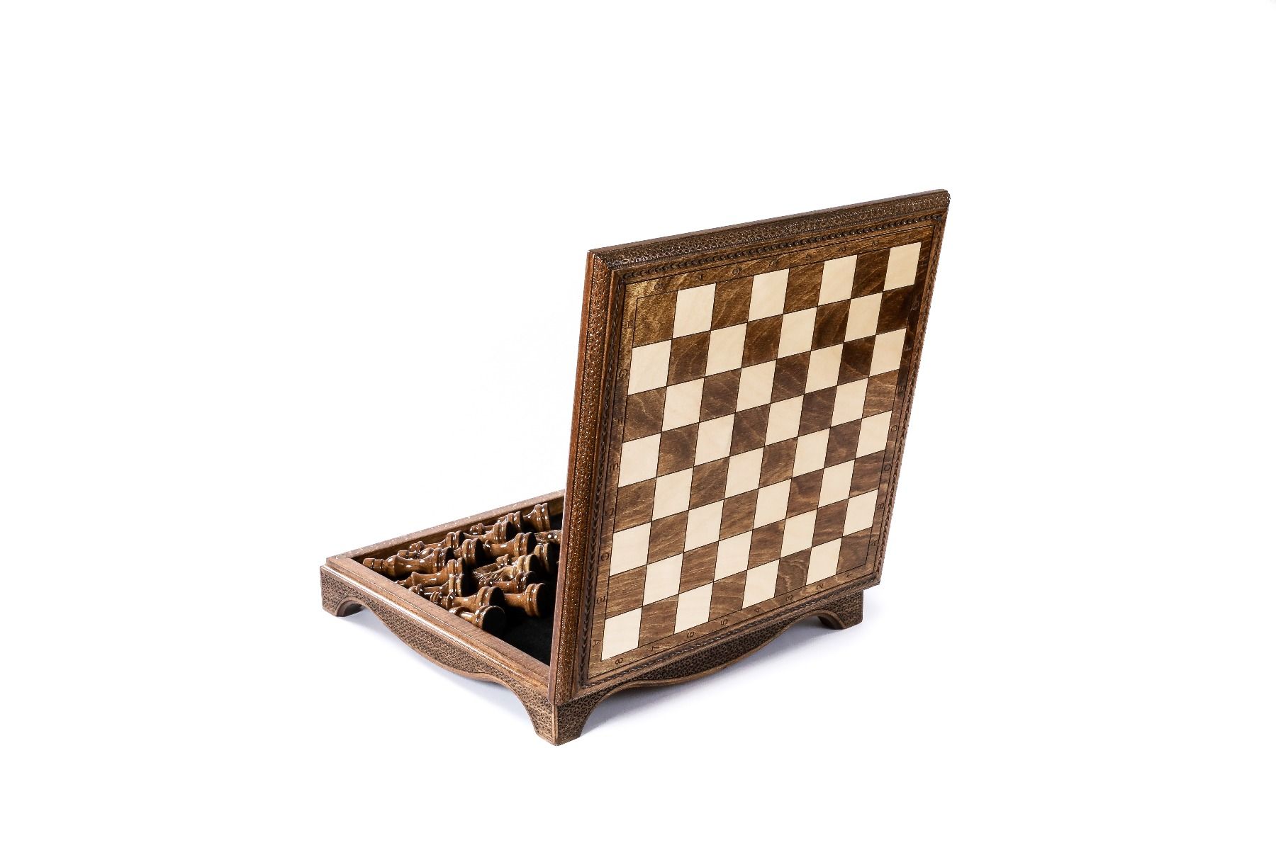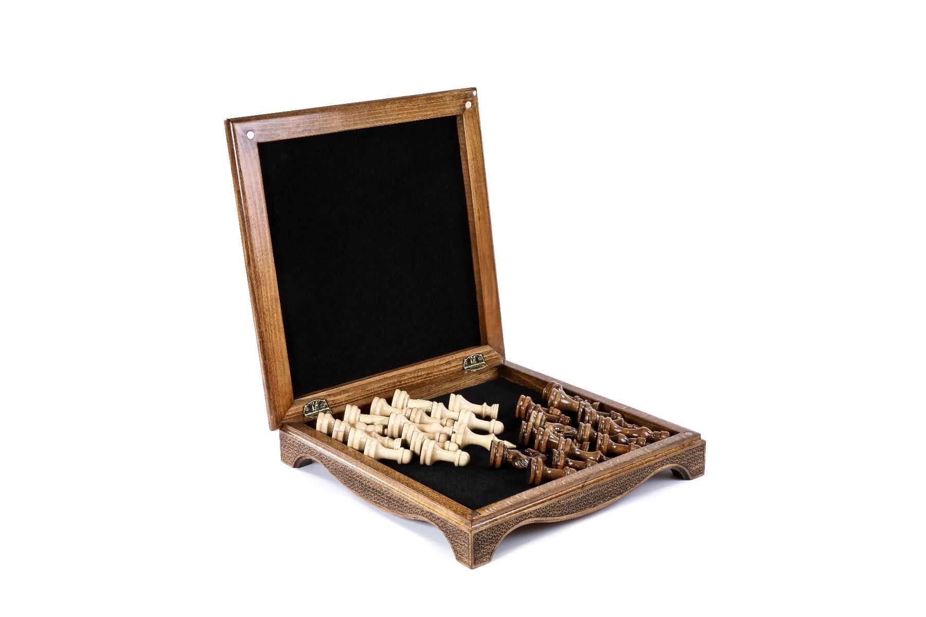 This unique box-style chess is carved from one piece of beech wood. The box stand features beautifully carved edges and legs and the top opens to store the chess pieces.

= = = =

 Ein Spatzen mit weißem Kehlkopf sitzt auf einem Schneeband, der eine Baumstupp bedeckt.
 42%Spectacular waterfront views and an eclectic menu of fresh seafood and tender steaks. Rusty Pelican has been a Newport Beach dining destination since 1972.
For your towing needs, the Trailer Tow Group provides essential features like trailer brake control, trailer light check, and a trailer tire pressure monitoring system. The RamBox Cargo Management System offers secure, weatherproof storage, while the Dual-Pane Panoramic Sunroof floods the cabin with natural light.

= = = =

> [What to work on] The lines above from the one with "42%Spectacular waterfront views" through the one with "For your towing" are to be duplicated exactly, ends included, with nothing added.

> [Answer to this task]
 42%Spectacular waterfront views and an eclectic menu of fresh seafood and tender steaks. Rusty Pelican has been a Newport Beach dining destination since 1972.
For your towing needs, the Trailer Tow Group provides essential features like trailer brake control, trailer light check, and a trailer tire pressure monitoring system. The RamBox Cargo Management System offers secure, weatherproof storage, while the Dual-Pane Panoramic Sunroof floods the cabin with natural light.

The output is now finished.